Search code examples
python-3.xregexnlp

Regular expression to recognize digits written as words in Python?


It is easy to recognize numbers as digits or integers from the text but not when numbers are written as words in natural language text.

For recognizing the digits using ReGeX one can just the following regular expression.

digits_recognize = r'[0-9]+'

How can one develop a pattern to recognize digits written as numbers?


Solution

  • The following solution is applicable only to the versions after Python 3.6.

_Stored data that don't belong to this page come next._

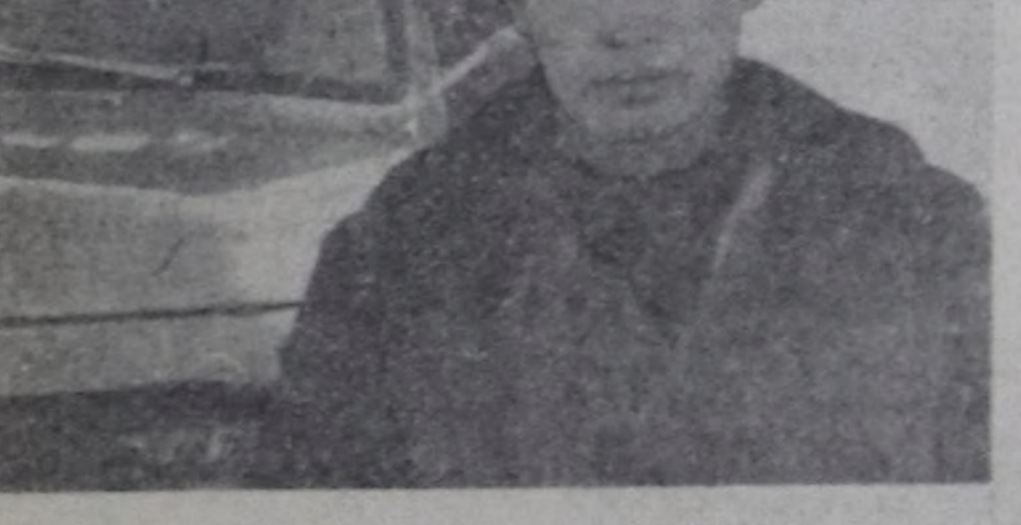
Чурукта: мурнакчы Ч. М. Фотозу
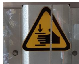
Protection plexiglas pour protéger les mains

Équipé de roues increvable en mousse polyuréthane.
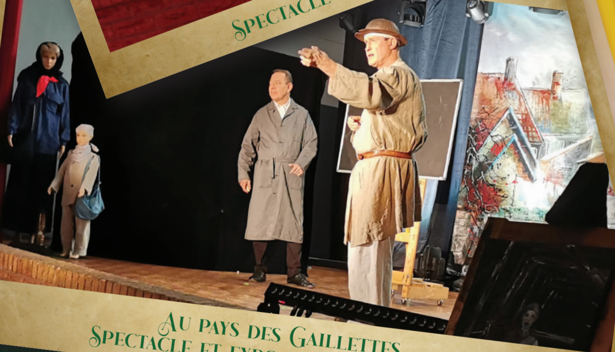
AU PAYS DES GAILLETIES SPECTACLE ET EXPOSITION SUR LA MINE
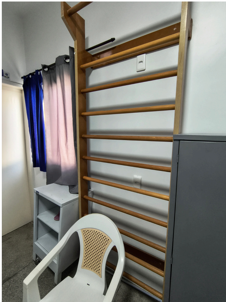
escada de ling instalada no pré parto
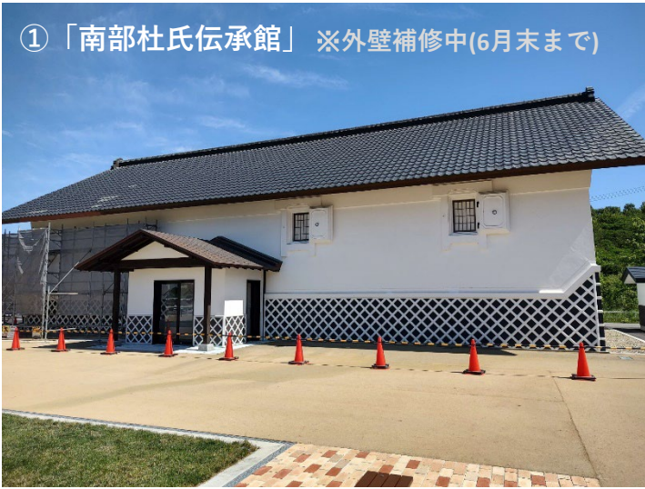
① 「南部杜氏伝承館」 ※外壁補修中(6月末まで)
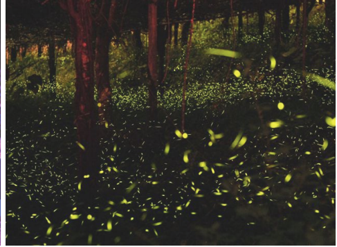
那瑪夏露營生態旅遊活動民衆熱烈參與
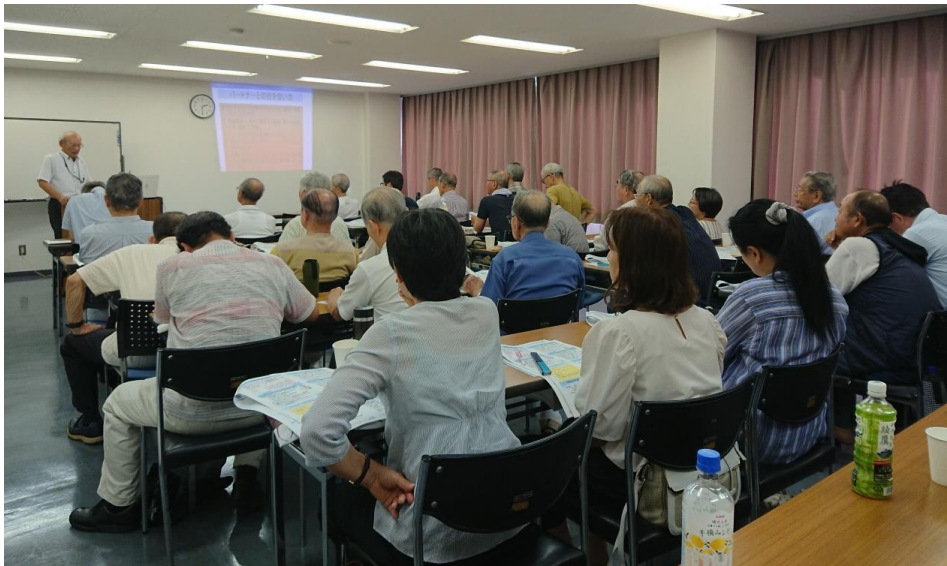
「大規模修繕工事、何から手をつける？」 暑い～～！！大盛況(^^)/
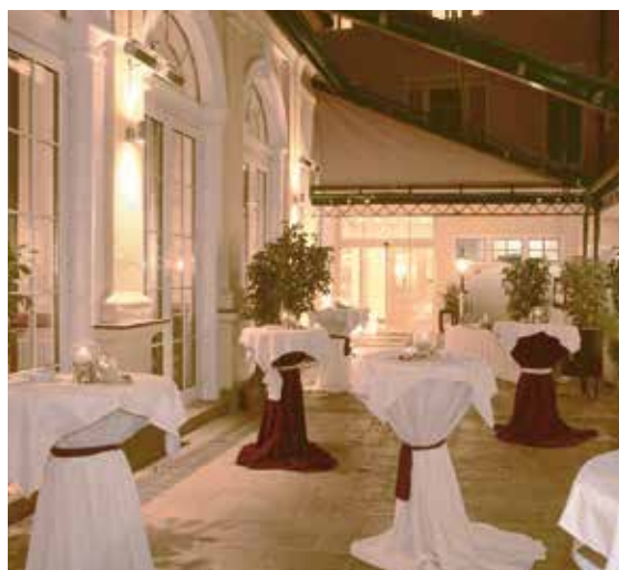
Weihnachtsaperitif im stimmungsvollen Hofgarten

    one_to_9 = '((f(ive|our)|s(even|ix)|[tT](hree|wo)|(ni|o)ne|eight))'
    
    ten_to_19 = '((([sS](even|ix)|[fF](our|if)|[nN]ine)[tT][eE]|[eE](ighte|lev))en|[tT]((hirte)?en|welve))'
    
    two_digit_prefix = '((s(even|ix)|[tT](hir|wen)|f(if|or)|eigh|nine)ty)'
    
    one_to_99 = fr'({two_digit_prefix}([- ]{one_to_9})?|{ten_to_19}|{one_to_9})' 
    
    one_to_999 = fr'({one_to_9}[ ]hundred([ ](and[ ])?{one_to_99})?|{one_to_99})'
    
    compiled_pattern = re.compile(one_to_999)
    

    The answer is adapted from here.